This week it arrived in the form of Terese
Edwards, from the National Council for Single Mothers and their
Children,
who was giving evidence to a Senate inquiry about a government plan
to cut $4.8bn from family payments – which adds up to cuts in
payments to a single parent with two children between 13 and 18 of
about $3,000 a year, including axing a twice-a-year top-up payment.
The treasurer, Scott
Morrison, quite correctly says the top-up payment was introduced
because many families were finding themselves with a liability after
being accidentally overpaid by the government because they had
underestimated what their family earnings would be. Now that
technology has overcome that problem, the “Christmas and July bonus
payments have outlived their purpose”, the treasurer insists. The
government also argues that once children are in their teens mothers
can, and should, go back to work. Which, in an ideal world, is also
true.
But these arguments ignore one big thing. For
mothers who cannot find well-paid work, the current family payments –
even with the bonuses – are barely enough to get by on.

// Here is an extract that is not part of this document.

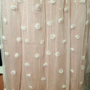 Handmade, Breathtaking moon and star fabric backdrop with 50 glittered realistic foam roses with 50 Swarovski Crystals that were hand applied. The fabrics sheen makes for beautiful photographs. Measuring 53'' x 63'' the fabric is Fashioned with White Sheer Tulle & a pink layer adorned with crystals and roses. The double layer adds the ability to have 2 different sets of photo options and also the ability to use this as a window treatment or year round wall decoration in any room.especially great for kids decor!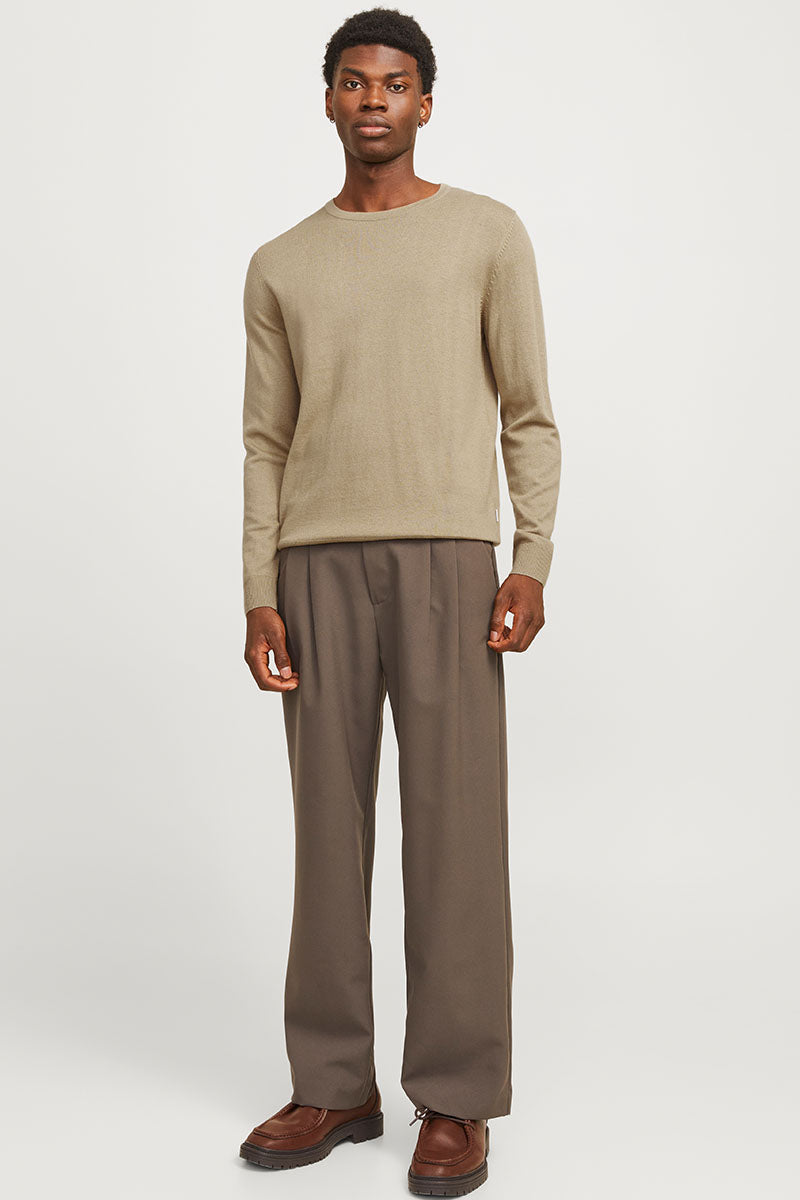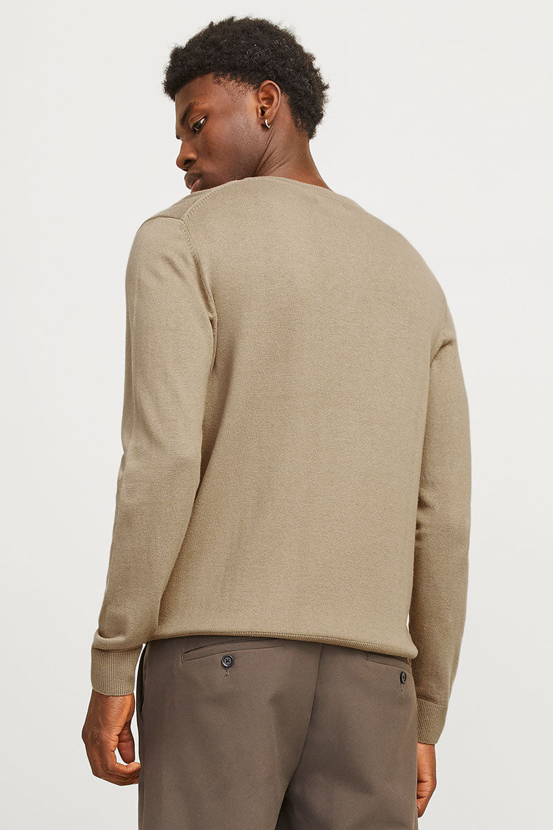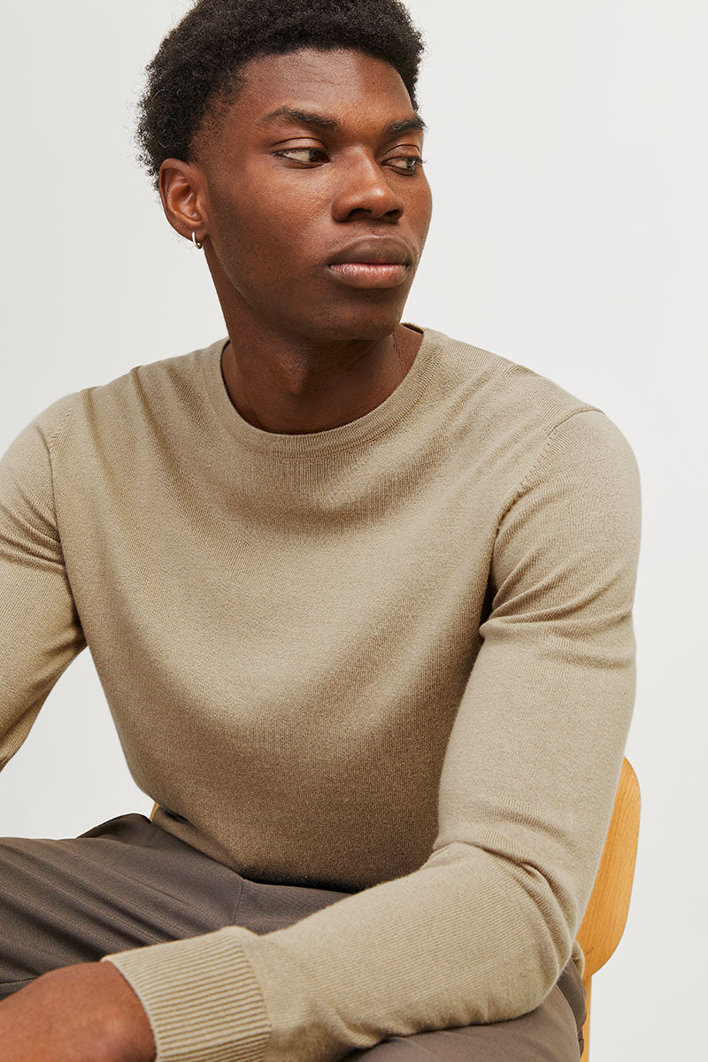 - Beżowy sweter z długim rękawem w fasonie knit fit.

Edwards explained that low-wage jobs and
unemployment benefits left single parents with so little that they
now relied on the “bonuses” for pretty important purposes –
paying for any out-of-the-ordinary costs, such as car registration or
replacing an appliance.
She gave the results of a 2014 survey of single
parents, in which 74% said they had trouble paying utility bills,
almost 14% said utilities had been disconnected, 58% said their
children had given up sport or other activities because they couldn’t
afford the equipment or fees, 62% said they could not afford health
or household insurance and 57% said they struggled to keep their car
on the road.
And she read from stories the single mothers had
sent her to pass on to the inquiry.
“My son never passes on school notes regarding
anything that costs money. I’ve found them ripped up in his school
bag, hidden in this room, etc. I think he has noticed my hands
shaking so many times from monetary stress that he will do anything
to keep things like this from me. He’s 13 and has desperately
wanted to get a job since he was 11. He constantly asks why I hardly
ever eat dinner but, fortunately, he still seems to believe that I
absolutely love toast and two-minute noodles when I do eat.”
Or: “Please, please, please tell them ... all
the pollies … that we will go over the edge if there are any more
cuts. My luxury is our 18-year-old Corolla.”
Or: “Jack is great at sports, he pretended that
he was injured so he would not get picked for the inter-school
competition. It was $35. We just don’t have the spare cash.”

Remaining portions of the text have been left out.